DATA BLOCK:
----------------------------------------

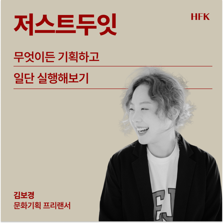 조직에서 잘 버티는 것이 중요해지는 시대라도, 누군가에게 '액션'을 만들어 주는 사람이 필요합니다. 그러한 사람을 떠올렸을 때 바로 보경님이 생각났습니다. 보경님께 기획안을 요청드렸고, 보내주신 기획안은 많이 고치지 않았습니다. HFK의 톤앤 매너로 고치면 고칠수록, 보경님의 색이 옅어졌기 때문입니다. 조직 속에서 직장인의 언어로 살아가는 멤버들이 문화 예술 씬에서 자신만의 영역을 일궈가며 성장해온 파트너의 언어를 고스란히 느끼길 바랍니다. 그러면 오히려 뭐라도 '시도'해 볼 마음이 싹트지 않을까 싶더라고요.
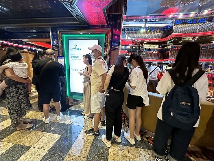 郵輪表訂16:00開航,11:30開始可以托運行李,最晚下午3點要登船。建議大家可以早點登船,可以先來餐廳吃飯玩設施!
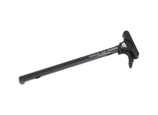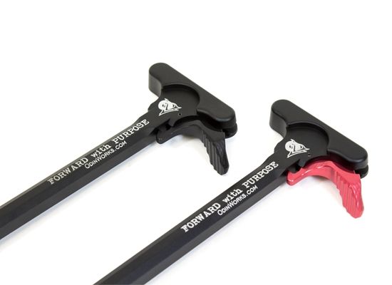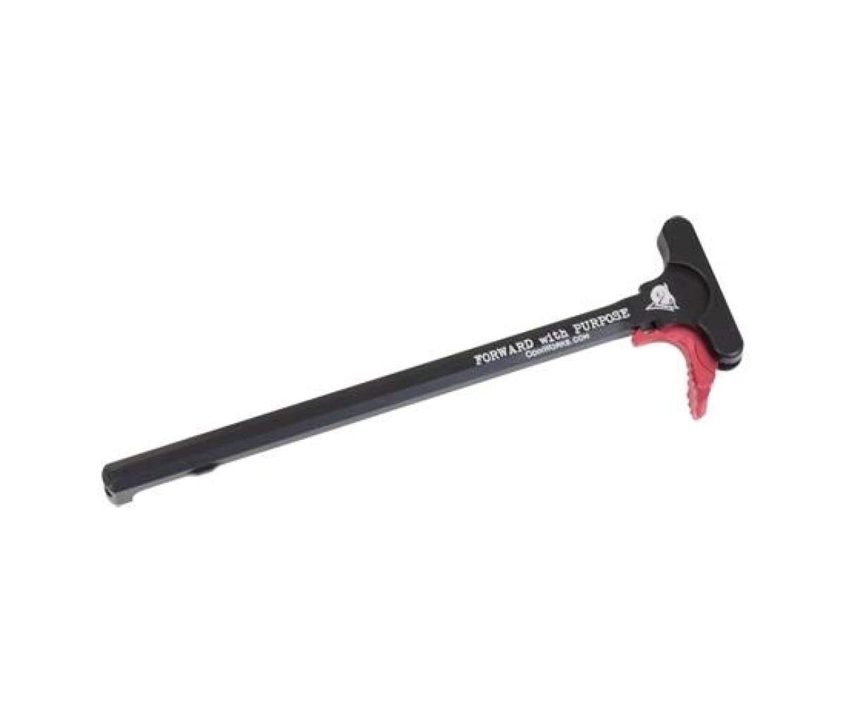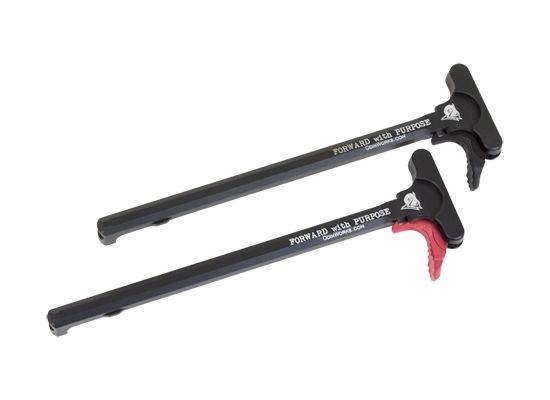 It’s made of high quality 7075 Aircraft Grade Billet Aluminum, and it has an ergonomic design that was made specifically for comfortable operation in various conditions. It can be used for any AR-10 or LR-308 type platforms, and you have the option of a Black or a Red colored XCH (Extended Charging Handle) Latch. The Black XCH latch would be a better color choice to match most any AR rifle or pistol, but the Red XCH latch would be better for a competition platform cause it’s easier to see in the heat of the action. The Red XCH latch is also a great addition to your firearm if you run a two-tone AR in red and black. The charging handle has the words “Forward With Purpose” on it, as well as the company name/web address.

----------------------------------------

AIM OF THE EXERCISE:
In your answer, set down the full listing word for word and include no pictures.

RESPONSE AREA:
 조직에서 잘 버티는 것이 중요해지는 시대라도, 누군가에게 '액션'을 만들어 주는 사람이 필요합니다. 그러한 사람을 떠올렸을 때 바로 보경님이 생각났습니다. 보경님께 기획안을 요청드렸고, 보내주신 기획안은 많이 고치지 않았습니다. HFK의 톤앤 매너로 고치면 고칠수록, 보경님의 색이 옅어졌기 때문입니다. 조직 속에서 직장인의 언어로 살아가는 멤버들이 문화 예술 씬에서 자신만의 영역을 일궈가며 성장해온 파트너의 언어를 고스란히 느끼길 바랍니다. 그러면 오히려 뭐라도 '시도'해 볼 마음이 싹트지 않을까 싶더라고요.
 郵輪表訂16:00開航,11:30開始可以托運行李,最晚下午3點要登船。建議大家可以早點登船,可以先來餐廳吃飯玩設施!
 It’s made of high quality 7075 Aircraft Grade Billet Aluminum, and it has an ergonomic design that was made specifically for comfortable operation in various conditions. It can be used for any AR-10 or LR-308 type platforms, and you have the option of a Black or a Red colored XCH (Extended Charging Handle) Latch. The Black XCH latch would be a better color choice to match most any AR rifle or pistol, but the Red XCH latch would be better for a competition platform cause it’s easier to see in the heat of the action. The Red XCH latch is also a great addition to your firearm if you run a two-tone AR in red and black. The charging handle has the words “Forward With Purpose” on it, as well as the company name/web address.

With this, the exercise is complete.